What Younker’s was to Des Moines, Brandeis was to Omaha. Emil was part of the Brandeis family who established a much-beloved chain of department stores in Nebraska in the 1880s. Ask anybody over 50 who grew up in Omaha what they remember about J.L. Brandeis & Sons Department Stores and the stories will start pouring out. Purchasing a first party gown, working at the jewelry counter, marveling at the window displays, and meeting friends in the Tea Room are just a few glimpses of its history.
Located in North Omaha, Temple Israel Cemetery is also known as Pleasant Hill Cemetery but there’s another Pleasant Hill Cemetery in Omaha. I’m going to stick to Temple Israel Cemetery, as that’s the name on the entrance sign I photographed below.
Established in 1871, Temple Israel Cemetery (a Reform congregation) is the oldest Jewish cemetery in Omaha but not the only one.

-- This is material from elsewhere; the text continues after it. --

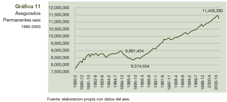 A diferencia la crisis de 1982 en que la compresión de los salarios reales evitó un desplome de igual magnitud en el empleo, en la de 1995, ocurrieron ambos fenómenos. El salario medio, que empezaba a recuperarse, perdió lo poco que había ganado y la pérdida de puestos de trabajo abarcó a todos los sectores. Aunque el nivel de ocupación tuvo una rápida recuperación, no sucedió lo mismo con el salario medio, cuyo nivel deprimido habría de convertirse, a partir de ese momento en un elemento clave de la competitividad, para el nuevo modelo exportador centrado en la maquila y el ensamble.
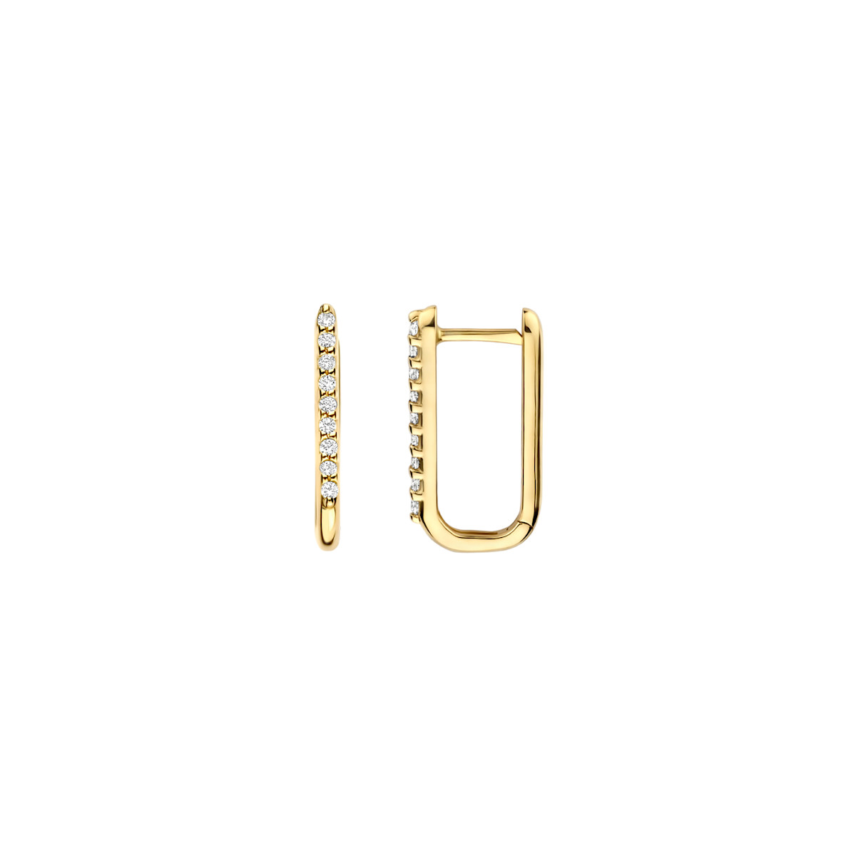 Ontdek deze prachtige oorringen, vakkundig vervaardigd uit 14k goud. Je ziet hoe de langwerpige vorm elegantie uitstraalt. Elke oorring is voorzien van schitterende zirkonia's, zorgvuldig gezet in een pavé-zetting, met een subtiele breedte van 1.4 mm. Dit geeft jou een verfijnde en moderne touch. Type goud: 14k Geel goud Sluiting: Kliksluiting Type zetting: Pavé-zetting Type steen: Zirkonia Steenkleur: Helder Diameter: 1.4 mm Lengte: 13.3 mm Breedte: 6.9 mm

There are several others that came later.
According to Temple Israel’s website, Max Meyer, Emmanuel Simon, and Meyer Hellman formed the B’nail Israel Society in March 1871 when they recognized the need for a sanctified Jewish burial ground. In August 1871, they bought five acres for a cemetery at 42nd Street and Redick Ave. The B’nai Israel Society deeded the cemetery property to the Congregation of Israel, which later became Temple Israel.
Within the Temple Israel Cemetery are separate sections for B’nai Jacob and B’nai Shalom Cemeteries. Find a Grave notes there are about 800 graves recorded for Temple Israel but I think there are many more that just haven’t been photographed or had memorials made for them yet.
According to a detailed two-part article by journalist/blogger Leo Adam Biga, the Brandeis family has roots in Prague in what is now the Czech Republic. Born in 1837, Jonas Leopold (J.L.) Brandeis was an Austrian-Jewish immigrant who arrived in America in his late teens. He started as a merchant in Wisconsin, where he did business with Indians. Francesca “Fannie” Teweles of Milwaukee married him in 1862 and the couple started their family in Manitowoc, Wisc. They had four children that lived to adulthood, three boys (Arthur, Hugo, and Emil) and one girl (Sarah).
After moving the family to Omaha in the 1880s, J.L. started building his first venture, The Fair, on South 13th Street. By 1888, he and his sons were full partners when they rented a new site at 114 South 16th Street, calling it The Boston Store. The J.L. Brandeis & Sons name first appeared over the door there and would appear on building plates on all future Brandeis stores. An 1894 fire that destroyed a second store didn’t keep J.L. down and he built a bigger, better store on the same site at the northwest corner of 16th and Douglas.
J.L. and Fanny got active in local organizations right away, with J.L. helping establish one of Nebraska’s first synagogues. He and relative Carl Brandeis (who is also buried at Temple Israel) worked together to create a chapter of the Independent Order of B’nai B’rith. An Omaha chapter was founded by Carl.
Emil became a member of the firm in 1885 at the age 21, where he eventually directed the planning, building, and maintenance of the Brandeis buildings. He was also responsible for the general oversight of the men’s goods department.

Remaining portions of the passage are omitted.